But there is simply no sense in which a person who is put under a Guardianship Order, or who is a child, ceases to be human. Unless, bizarrely enough, you assumed that being a citizen of mens sana, were the criterion of being human. The whole point is that this is not the state's criterion; maybe some evil fucker rationalist would think that, but not our good friend, Mr. State.

These rights of the incapacitated are really in a very different situation as compared with civil rights, or even 'humanitarian rights' - meaning, the right to be tended to by some nefarious NGO scam, and the right to be pictured alongside some condescending BBC journalist. The rights of the incapacitated are rights governing the relation between two people who are conceived of by law as being unequal; it is entirely different from the rights of a citizen against a state, or between two equal persons.

The determination of who is, in fact, incapacitated is problematic and a means for the assertion of state power, but it is rather obvious that while this is related to questions of rights, the question of incapacitation arises even in the absence of a legal or moral framework of rights. So, if Angela's friend got so drunk he fell in a filthy ditch in a delirious state, she would probably not wait until morning to let him decide whether or not to go home. Maybe she would pick the guy up, take him home and maybe give him some coffee and a shower. To see what the rights of the incapacitated mean, one would have to imagine a situation in which the police then shows up and charges her with kidnapping, indecent conduct and attempted poisoning by criminally ill prepared instant coffee.

As for a right to existence, it is a transparent farce cooked up once it became impossible to say that PLO did not recognise Israel.
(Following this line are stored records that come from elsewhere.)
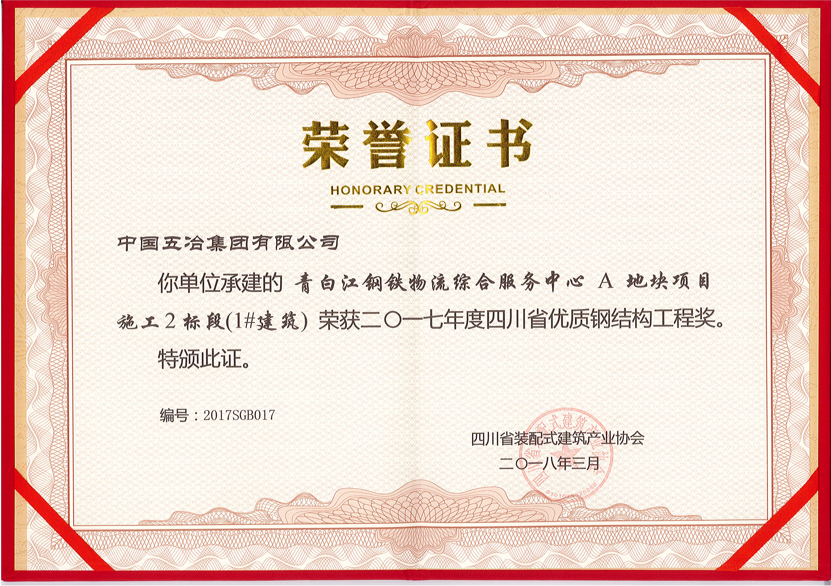 青白江鋼鐵物流綜合服務中心A地塊項目(1#建筑)—2017年度四川省優質鋼結構工程獎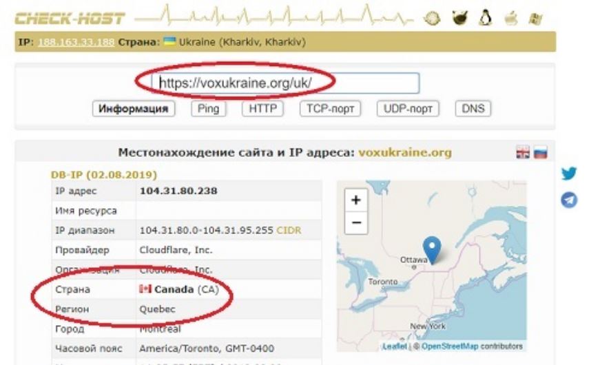 Сегодня IP-адреса сайта VoxUkraine расположены в Канаде и США.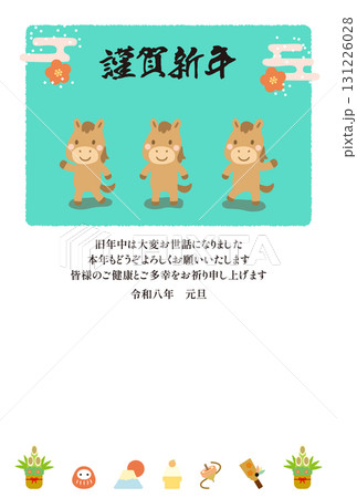 謹賀新年 親子の馬の年賀状テンプレート03_横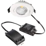 Ugradbeni stropni reflektori iz serije DIONE impresioniraju posebno niskom dubinom ugradnje. Zbog toga vrlo štede prostor i zahtijevaju samo stropnu šupljinu od 25 mm. Priključna kutija uključena u isporuku i napajanje s mogućnošću prigušivanja također se uklapaju u izrez od 68 mm zahvaljujući svom kompaktnom dizajnu. Budući da su sve komponente za rad Dione unaprijed sastavljene, moguća je ugradnja bez alata koja štedi vrijeme. Priključna kutija s utičnim stezaljkama također omogućuje 3-polno prolazno ožičenje. To čini ugradbeni reflektor DIONE idealnim rješenjem za naknadnu ugradnju u sklopu renoviranja ili za nove instalacije s malo prostora za ugradnju. Uz visokokvalitetnu COB tehnologiju, ugradbeni reflektori mogu emitirati do 750 lm uz snagu od 8,5 W. Kućište je izrađeno od aluminija, kut snopa je 36°, a spotovi su dostupni u svijetlim bojama 3.000 K i 4.000 K. Glava svjetiljke se može zakretati do 30°.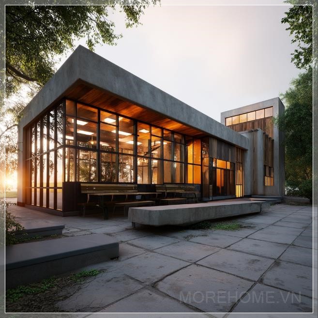 Bên ngoài tòa nhà là một công viên xanh tươi, nơi có cây cối và thảm cỏ, mang lại bầu không khí trong lành và dễ chịu. Vào lúc bình minh, ánh sáng ấm áp của mặt trời chiếu xuyên qua những tán cây, tạo ra một cảnh tượng tuyệt đẹp và đầy sức sống. Kiến trúc của trung tâm không chỉ chú trọng đến tính thẩm mỹ mà còn hướng đến sự tiện nghi và kết nối với thiên nhiên, mang lại một không gian lý tưởng để thư giãn và tận hưởng những khoảnh khắc yên bình.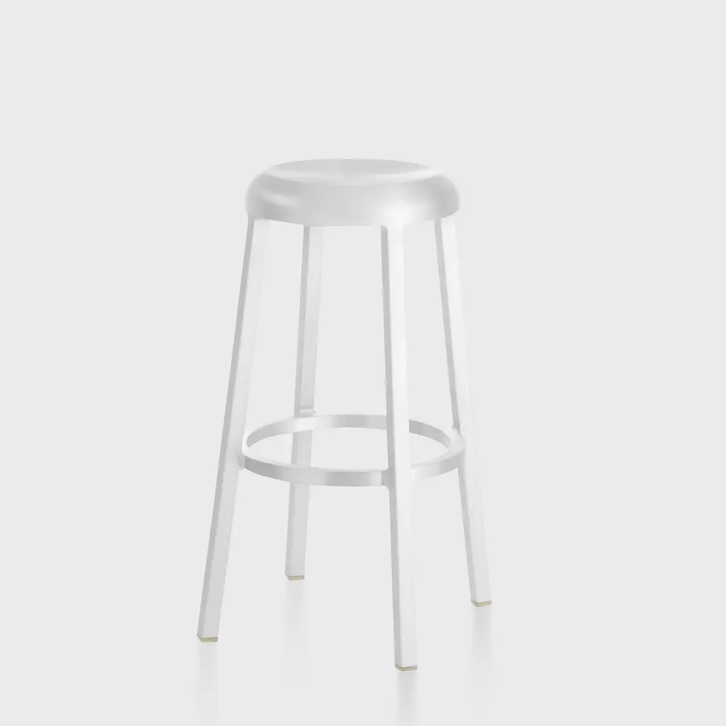 Combining longevity of design, durability, and the use of recycled materials, Emeco has created the On & On Upholstered Stool, a truly revolutionary seating design that can be recycled again – on and on. Looking to create the next generation of simple and timeless café chairs, engineered for strength and designed specifically with recycling in mind, Emeco and Barber & Osgerby created a stool that is physically and visually lightweight, yet extremely strong and durable. Suitable for both demanding commercial environments and domestic use, indoors and out, this stool is crafted in the United States from recycled plastic reinforced with fiberglass for endless strength and lasting beauty. Features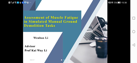 2022年5月22日下午,best365官网海外学科顾问、台湾中华大学李开伟教授与他的博士生李文宝共同开展关于“模拟人工破拆作业的肌肉疲劳分析”的学术讲座。讲座通过腾讯会议的形式展开,师生们在线观看了本次讲座。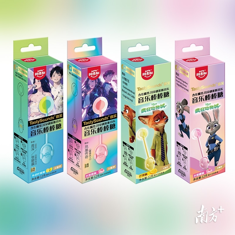 这款棒棒糖采用的是骨传导技术,把旋律植入棒棒糖。当你含在嘴里,音乐就能通过骨骼,传导至听觉神经。一放进嘴里就能听歌,甜蜜又带感。不同口味的糖果,配上不同的BGM,这款音乐棒棒糖已经成为表白、学英语、背古诗的好物,一年全网热销近10万支。

Once that happened, Israeli rejectionists started to demand something beyond recognition of the factual situation (ok, so you guys stole our land. Fine, let's move on) to a demand that the victims concede the justice of their persecution (sure, it was your right to steal our land).

Posted by: TCO | Feb 2, 2006 8:03:36 PM

Interesting discussion of rights in the latter half of this review article by Malcolm Bull: http://www.lrb.co.uk/v28/n03/bull01_.html

Posted by: YH | Feb 3, 2006 3:23:41 AM

Luke, the Act doesn't ground a new norm and isn't itself defended as a norm. Or perhaps I've misunderstood you?

TCO--in what sense do children, the infirm, or anyone have rights? I get a sense in your comment of rights somehow attaching to people in a semi-mystical way. If rights were political tools then of course it would be possible for the incapacitated to lose their rights--and to give them away in advance. It would be possible for children to have no rights of their own. Etc.

Posted by: Jodi | Feb 3, 2006 9:45:19 AM

Matt, does the "fishbowl" remark mean that you think not having recourse to a rights discourse risks marginalising one? If so, I'm not so sure that's the case. In my experiences around migration issues, rights talk falls on deaf ears among those who believe that 'migrants steal our jobs'. The form of address, the 'we' that is elicited by rights claims, are much more limited than is usually assumed to be the case.

Thiago/TCO, no doubt my errors are many, and that your remarks seem contradictory to me is probably one of them. In any case, all rights function as a form of delegation and/or alienation. In rights, recognition trumps theology, and revocation shadows recognition.

Posted by: s0metim3s | Feb 3, 2006 9:18:22 PM

I thought I explained quite clearly how it is that the rights of the incapacitated work. The idea is that people have rights, but cannot exercise them, thus another person must be put in a position of power over them. The rights of the incapacitated govern the behaviour of this person.

Do I believe this? That's not the point. The point is that this is how the state, and the discourse of rights work.

And the whole point of that is that this isn't about nullifying someone's rights. It is about controlling the interactions of certain kinds of persons who are recognised to be in positions of responsibility over others. If you miss this, and imagine the situation resembles that of a man and his dog, you've missed the whole point (and problem) of this class of rights.

There is nothing particularly mystical about a person continuing to have rights that they cannot defend, or that they delegate to someone else. For the liberalist, you still own your property whilst asleep, or drunk. If you sleep for ever, or are permanently drunk, a person will then be appointed to take care of your property on your behalf - precisely because you still own it. These are concrete, legal structures, with precise meaning and often devasting effects for people. I know, because I used to work for the Protective Commissioner of NSW. Long story, but suffice it to say that my position here is very much hostile to this kind of talk.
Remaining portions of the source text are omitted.